→ **EXERCISE PROMPT**
Omit any pictures, and restate word for word only the lines from the one with "終日:ベルゲン【午前】→ソグネフィヨルド観光 → ベルゲン【夜】" through the end of the data below.

→ **RECORDED DATA**
[Start of section]
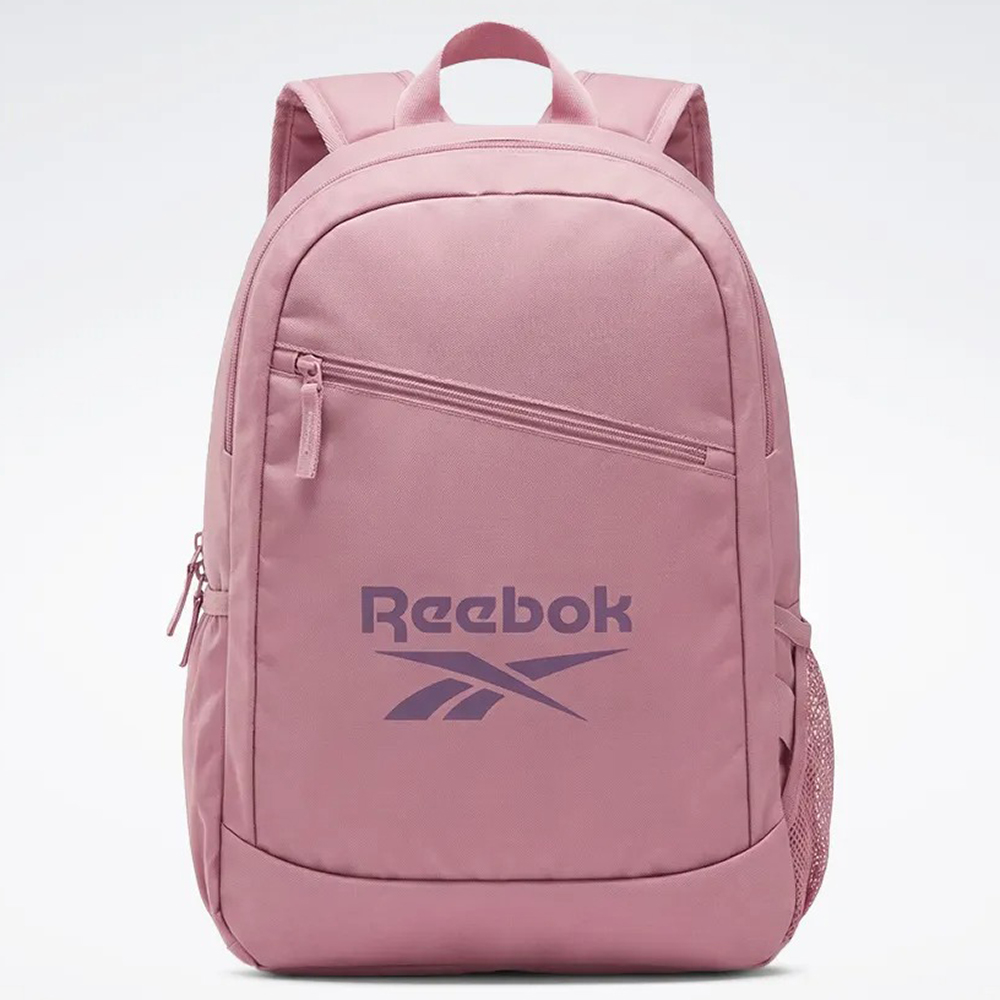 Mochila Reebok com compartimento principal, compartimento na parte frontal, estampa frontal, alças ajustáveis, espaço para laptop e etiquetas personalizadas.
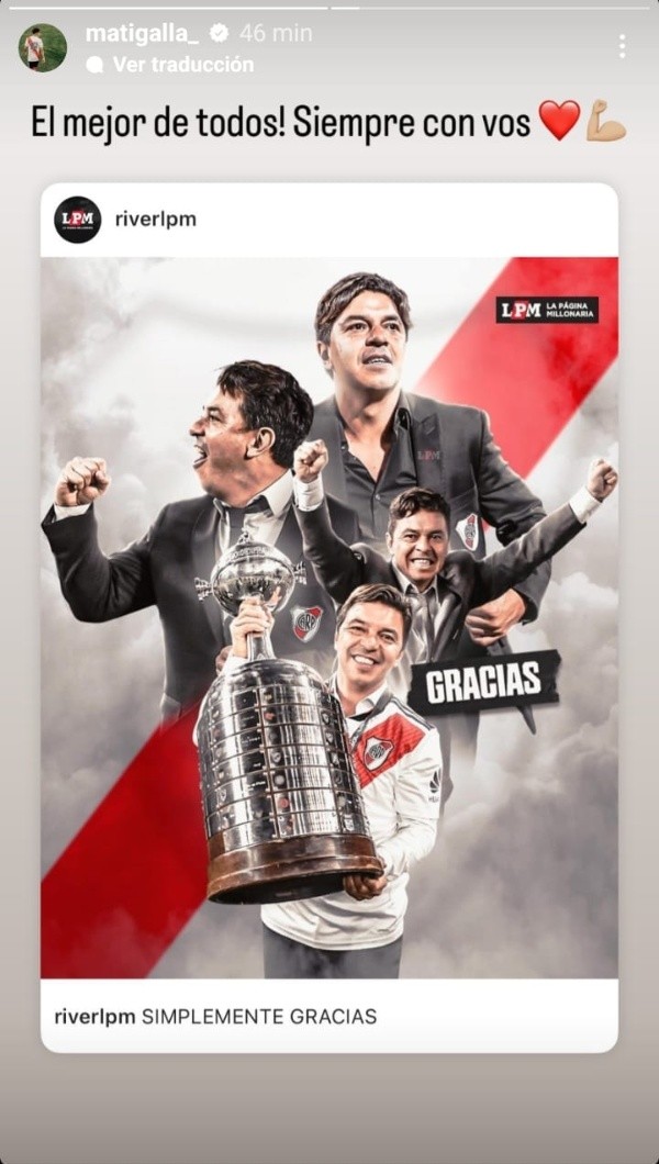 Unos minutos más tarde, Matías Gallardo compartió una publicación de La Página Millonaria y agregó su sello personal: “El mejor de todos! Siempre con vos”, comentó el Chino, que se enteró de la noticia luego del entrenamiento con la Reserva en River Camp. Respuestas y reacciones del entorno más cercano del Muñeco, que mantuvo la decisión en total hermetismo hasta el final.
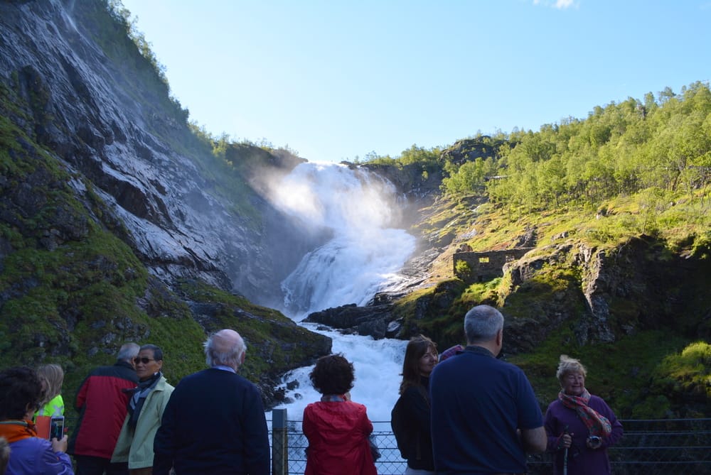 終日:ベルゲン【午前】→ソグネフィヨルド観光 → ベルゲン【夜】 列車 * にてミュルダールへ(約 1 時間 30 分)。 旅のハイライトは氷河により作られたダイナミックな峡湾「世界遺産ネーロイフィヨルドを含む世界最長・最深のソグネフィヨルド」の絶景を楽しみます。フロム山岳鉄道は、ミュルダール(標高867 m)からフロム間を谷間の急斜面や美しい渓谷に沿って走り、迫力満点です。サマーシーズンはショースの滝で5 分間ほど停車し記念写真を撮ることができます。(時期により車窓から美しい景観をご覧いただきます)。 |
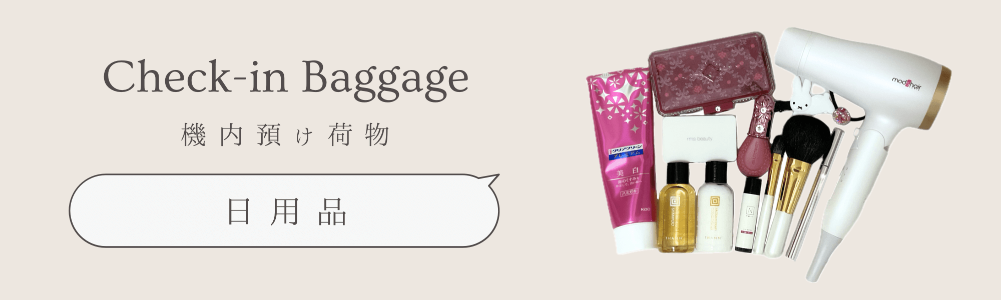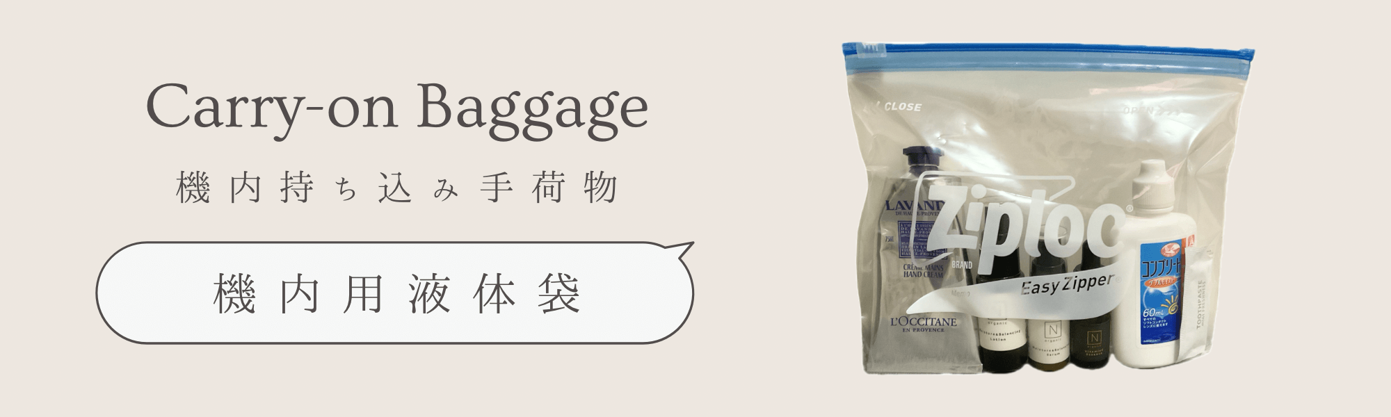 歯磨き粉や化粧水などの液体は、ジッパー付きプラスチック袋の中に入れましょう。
[End of section]
→ **FINISHED EXERCISE**
 終日:ベルゲン【午前】→ソグネフィヨルド観光 → ベルゲン【夜】 列車 * にてミュルダールへ(約 1 時間 30 分)。 旅のハイライトは氷河により作られたダイナミックな峡湾「世界遺産ネーロイフィヨルドを含む世界最長・最深のソグネフィヨルド」の絶景を楽しみます。フロム山岳鉄道は、ミュルダール(標高867 m)からフロム間を谷間の急斜面や美しい渓谷に沿って走り、迫力満点です。サマーシーズンはショースの滝で5 分間ほど停車し記念写真を撮ることができます。(時期により車窓から美しい景観をご覧いただきます)。 |
 歯磨き粉や化粧水などの液体は、ジッパー付きプラスチック袋の中に入れましょう。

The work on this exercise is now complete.